== EXERCISE DIRECTIONS ==
Filter the data for "with" and copy matching lines.

== DATA LISTING ==
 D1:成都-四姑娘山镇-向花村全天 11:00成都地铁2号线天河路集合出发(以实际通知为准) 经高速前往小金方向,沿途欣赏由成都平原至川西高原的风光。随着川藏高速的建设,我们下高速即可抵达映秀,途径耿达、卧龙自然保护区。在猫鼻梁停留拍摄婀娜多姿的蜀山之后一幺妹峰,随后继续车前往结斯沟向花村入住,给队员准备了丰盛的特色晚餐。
...
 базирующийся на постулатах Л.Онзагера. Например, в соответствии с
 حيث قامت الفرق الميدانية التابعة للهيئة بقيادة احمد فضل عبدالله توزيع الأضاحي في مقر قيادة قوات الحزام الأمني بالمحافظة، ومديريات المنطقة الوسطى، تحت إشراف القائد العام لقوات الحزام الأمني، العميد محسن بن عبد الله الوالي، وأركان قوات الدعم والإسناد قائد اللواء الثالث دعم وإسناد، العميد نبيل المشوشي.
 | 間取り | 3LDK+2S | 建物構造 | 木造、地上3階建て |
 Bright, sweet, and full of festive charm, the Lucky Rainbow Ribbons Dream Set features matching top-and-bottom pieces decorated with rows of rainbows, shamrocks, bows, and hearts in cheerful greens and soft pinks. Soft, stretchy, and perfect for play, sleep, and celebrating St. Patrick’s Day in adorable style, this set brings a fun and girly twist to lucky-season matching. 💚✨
---
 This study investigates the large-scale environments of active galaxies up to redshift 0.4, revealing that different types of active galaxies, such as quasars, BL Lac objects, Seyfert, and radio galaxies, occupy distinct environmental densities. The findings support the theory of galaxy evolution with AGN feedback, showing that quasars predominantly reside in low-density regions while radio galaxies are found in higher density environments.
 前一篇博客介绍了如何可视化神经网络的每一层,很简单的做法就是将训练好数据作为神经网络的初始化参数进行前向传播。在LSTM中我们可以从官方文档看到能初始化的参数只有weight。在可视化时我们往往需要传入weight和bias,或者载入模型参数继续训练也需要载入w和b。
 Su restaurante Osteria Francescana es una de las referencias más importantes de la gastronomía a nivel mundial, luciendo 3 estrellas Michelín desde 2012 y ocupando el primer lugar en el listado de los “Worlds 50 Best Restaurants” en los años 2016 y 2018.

== YOUR SOLUTION ==
 Bright, sweet, and full of festive charm, the Lucky Rainbow Ribbons Dream Set features matching top-and-bottom pieces decorated with rows of rainbows, shamrocks, bows, and hearts in cheerful greens and soft pinks. Soft, stretchy, and perfect for play, sleep, and celebrating St. Patrick’s Day in adorable style, this set brings a fun and girly twist to lucky-season matching. 💚✨
 This study investigates the large-scale environments of active galaxies up to redshift 0.4, revealing that different types of active galaxies, such as quasars, BL Lac objects, Seyfert, and radio galaxies, occupy distinct environmental densities. The findings support the theory of galaxy evolution with AGN feedback, showing that quasars predominantly reside in low-density regions while radio galaxies are found in higher density environments.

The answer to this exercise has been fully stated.